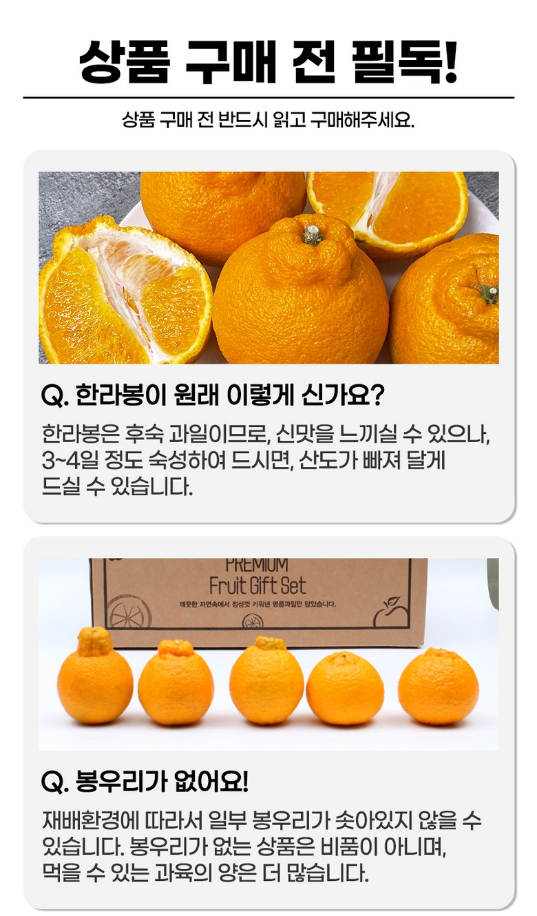 | 생산자(수입자) | 농업회사법인(주)이웃사촌 | 원산지 | 국내산(제주) |
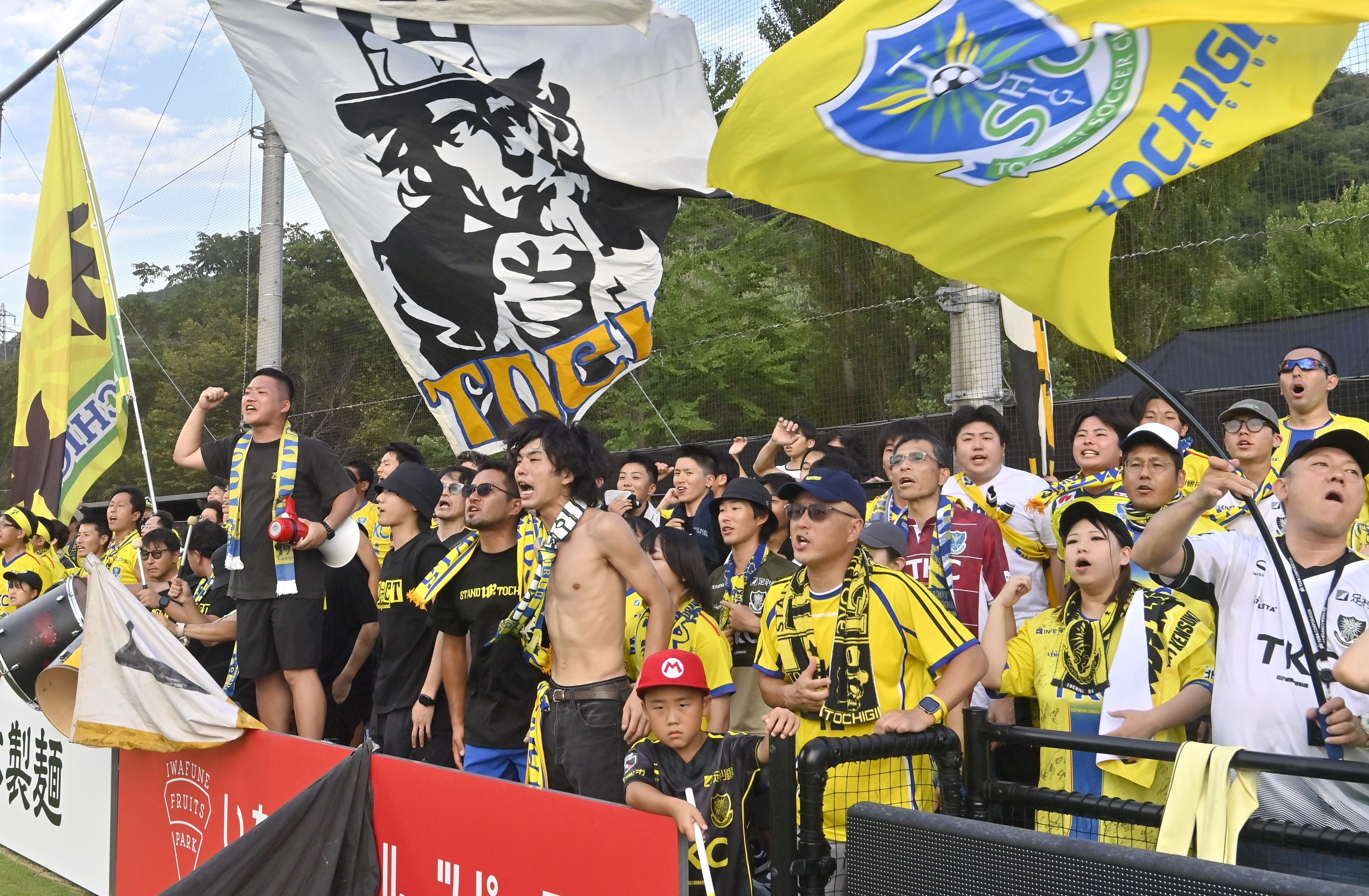 旗を振って選手たちを鼓舞する栃木SCのサポーターたち=26日午後5時20分
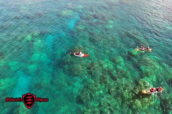Your day includes use of newly manufactured clear kayaks with pontoon stabilizers, long-sleeve rash guards for sun protection, reef-safe sunscreen applied before heading out, dry bags for your belongings, locally grown bananas and granola while on the water plus ice-cold filtered water throughout—and when you return to shore there’s freshly cut Hawaiian pineapple dusted with li hing mui powder waiting for you.
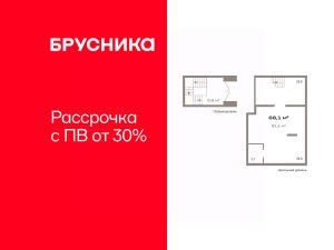 Помещение свободного назначения на 1 этаже, общая площадь 62.2 кв.м., без отделки. Стоимость помещения 14,330,000 руб., цена за кв.м 230,385 руб.
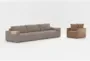 The Amallo Mocha Brown Fabric 151" 3 Piece Sofa and Alicia Saddle Brown Vegan Faux Leather 40" Swivel Chair set is a perfect addition to any modern living room. The mellow mocha fabric sofa offers a soft and comfortable seating experience, while the saddle brown faux leather swivel chair adds a touch of versatility and style. Both pieces feature a contemporary design that complements a variety of decor styles.

[WORK INSTRUCTION]:
Leave out any pictures and return exactly the lines from the beginning of the data through the line with "Помещение свободного назначения", inclusive.

[EXERCISE SOLUTION]:
 | 생산자(수입자) | 농업회사법인(주)이웃사촌 | 원산지 | 국내산(제주) |
 旗を振って選手たちを鼓舞する栃木SCのサポーターたち=26日午後5時20分
Your day includes use of newly manufactured clear kayaks with pontoon stabilizers, long-sleeve rash guards for sun protection, reef-safe sunscreen applied before heading out, dry bags for your belongings, locally grown bananas and granola while on the water plus ice-cold filtered water throughout—and when you return to shore there’s freshly cut Hawaiian pineapple dusted with li hing mui powder waiting for you.
 Помещение свободного назначения на 1 этаже, общая площадь 62.2 кв.м., без отделки. Стоимость помещения 14,330,000 руб., цена за кв.м 230,385 руб.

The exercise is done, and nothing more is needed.